VB’s “turn around” also takes place with the holding in Vitória, at the invitation of the Espírito Santo State Government, of a large exhibition that will occupy two spaces in the city: at the Espírito Santo Art Museum there will be a large selection of the collection of the association; at Galeria Homero Massena, a curatorship on the more than 300 videos of performances saved by VB that will be mounted in a large audiovisual installation. In addition, on display at the Museum of the Portuguese Language, in São Paulo, is the exhibition I dreamed in Portuguese!, which houses a room with VB videos related to migration and diaspora themes of peoples around the world. “It is an example of how, based on a given curatorial proposal, you can go to the collection and find things on any topic. You can tell many stories, assemble different clippings, including those that dialogue with local contexts. That is our great treasure.”

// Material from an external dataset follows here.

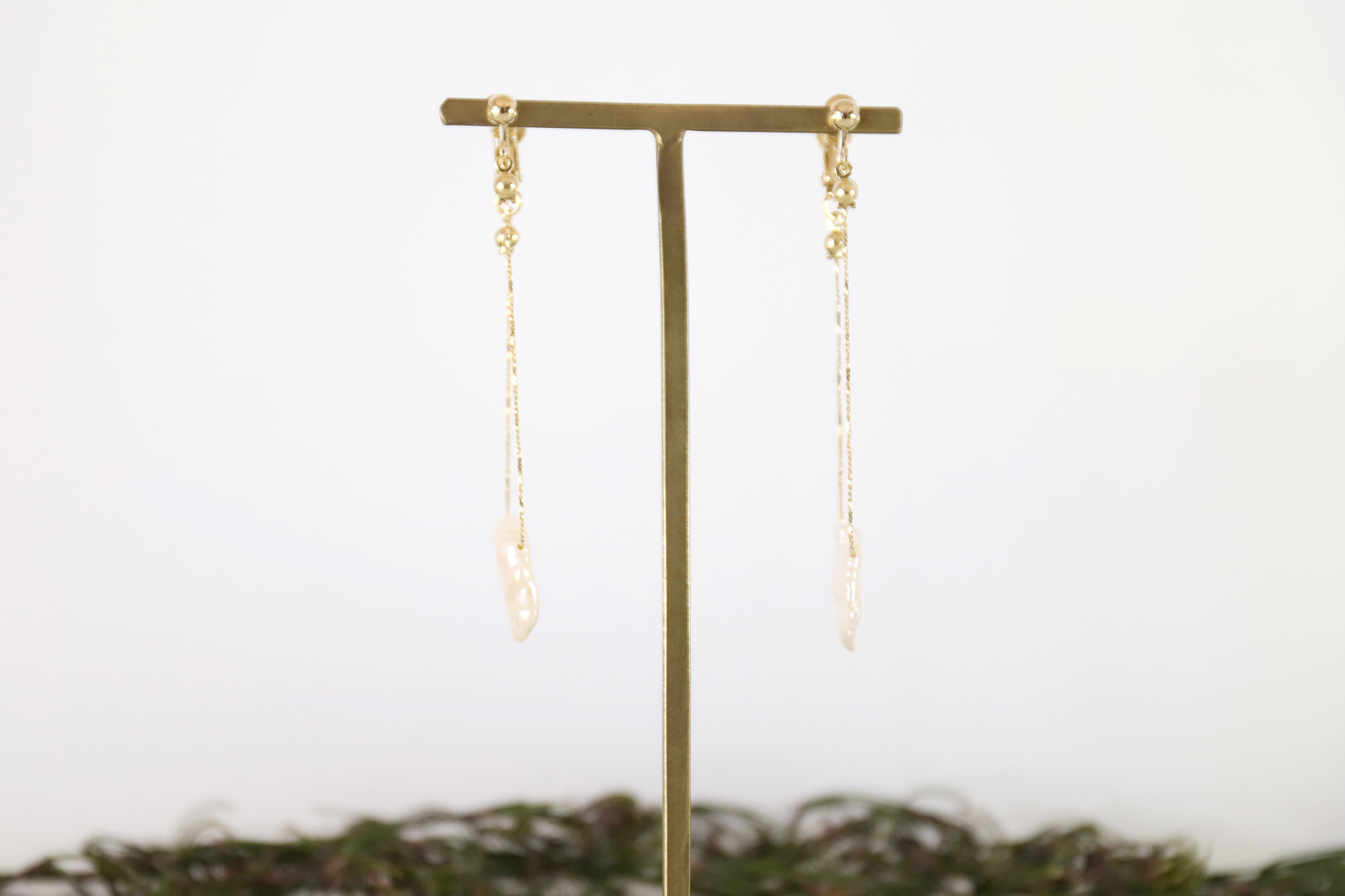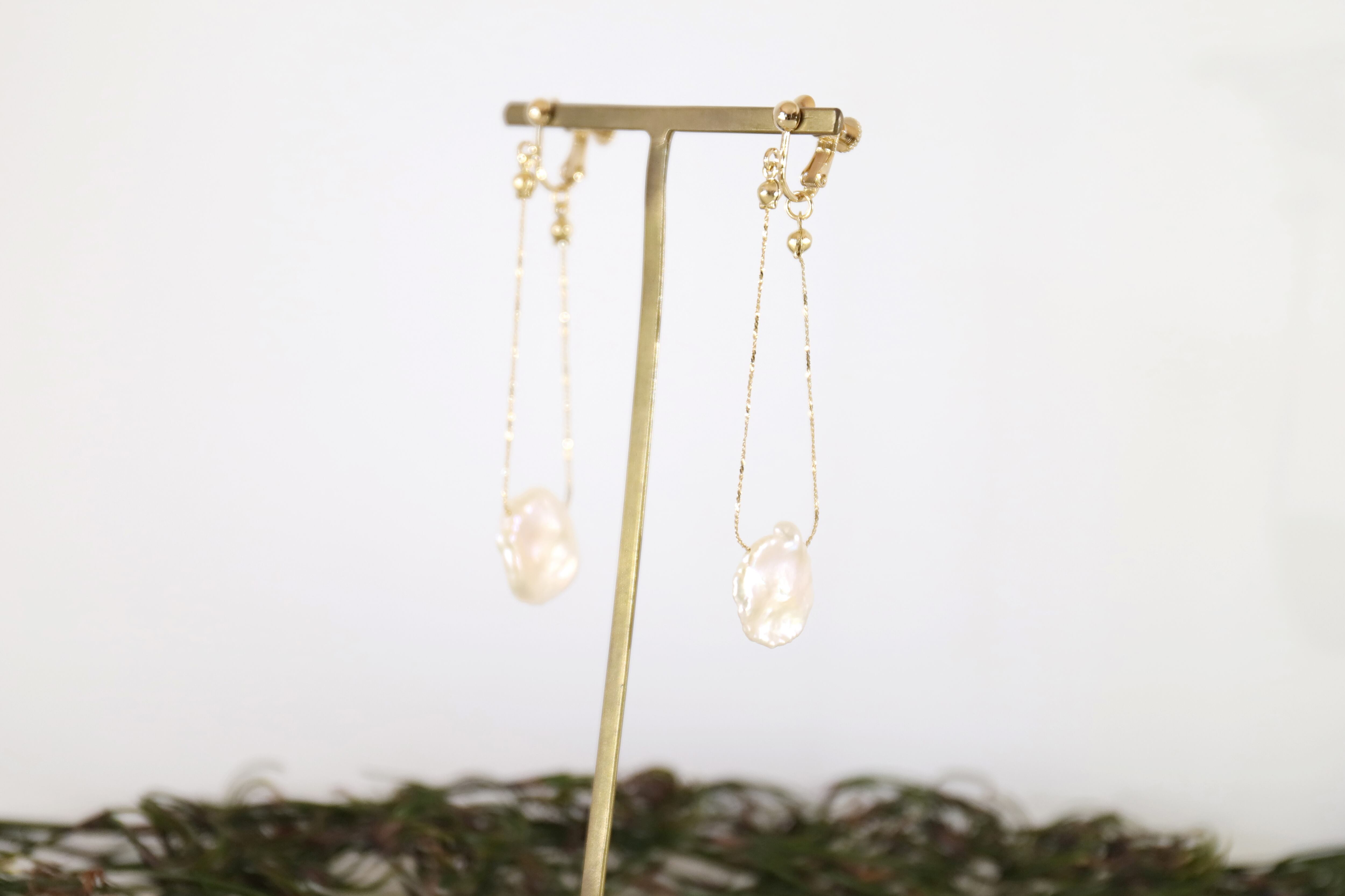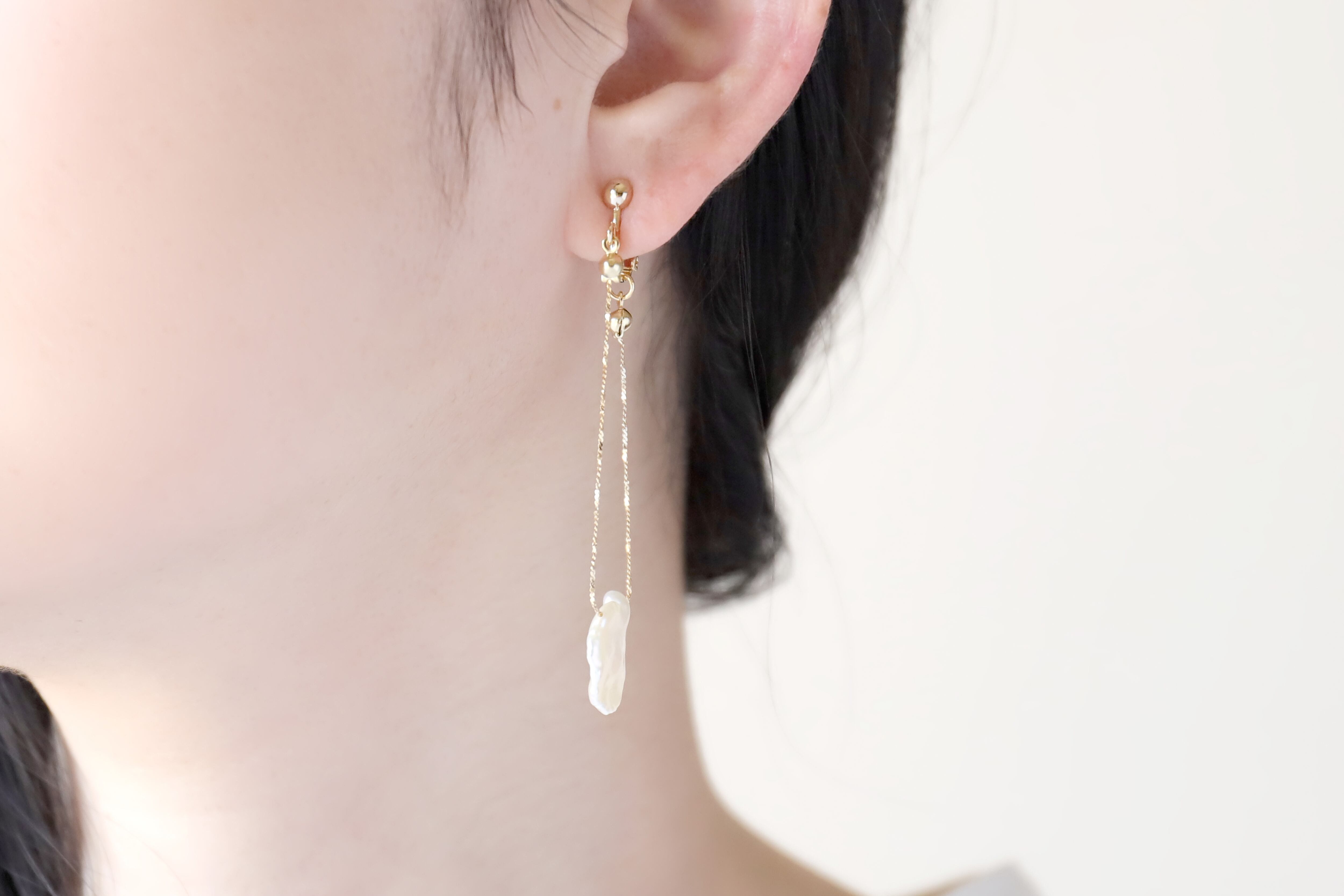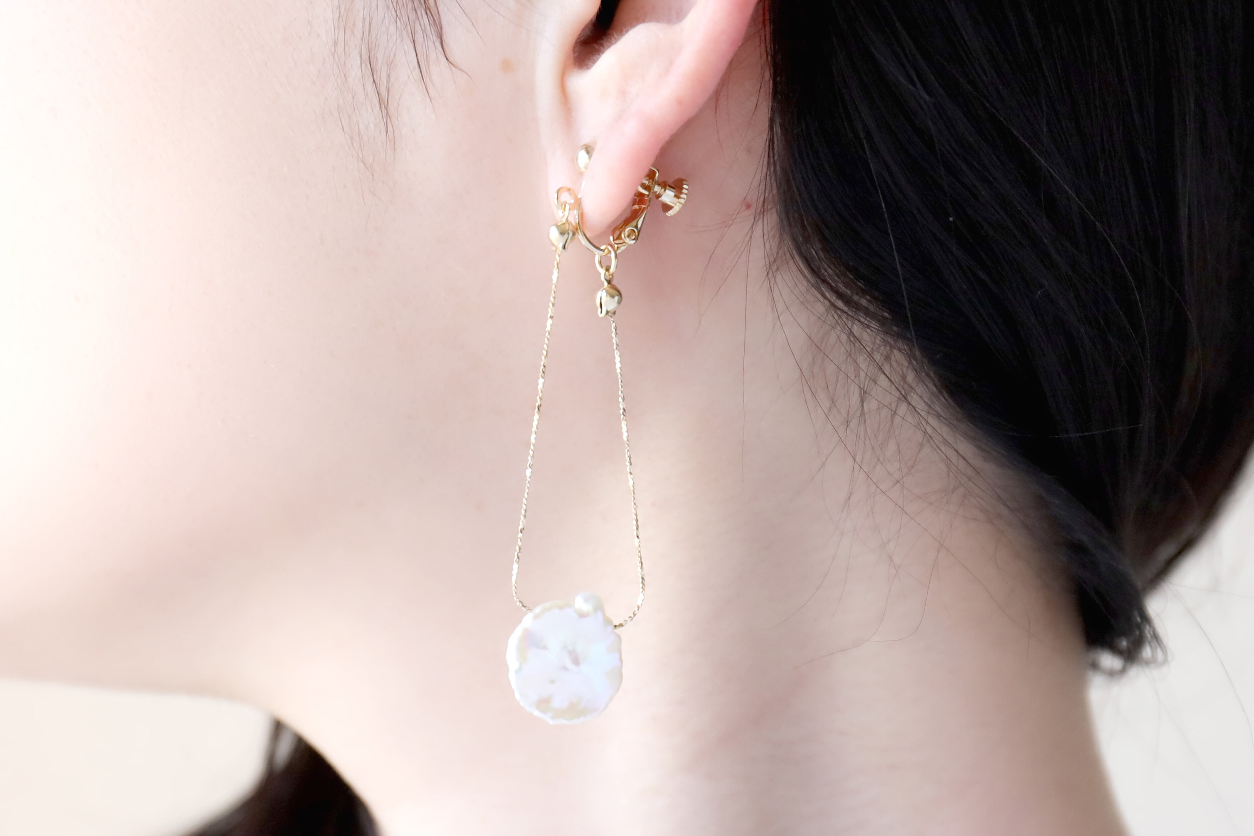 極細のチェーンを合わせたシンプルデザインのアクセサリーです。

Finally, the biggest celebration should be the 22nd Bienal Sesc_Videobrasil – which was on hold due to the pandemic – in 2023, exactly four decades after the incipient festival of 1983. Curated by the carioca Raphael Fonseca and the Senegalese Renée M'boya , the show at Sesc 24 de Maio was already in planning when it had to be cancelled, but now it resumes production at an accelerated pace. At the beginning of the year, an open call for artist projects will be held, in addition to the five names invited to the edition. “We will have to adapt the themes and the curatorial approach to another world, very different from that of two years ago”, concludes Farkas.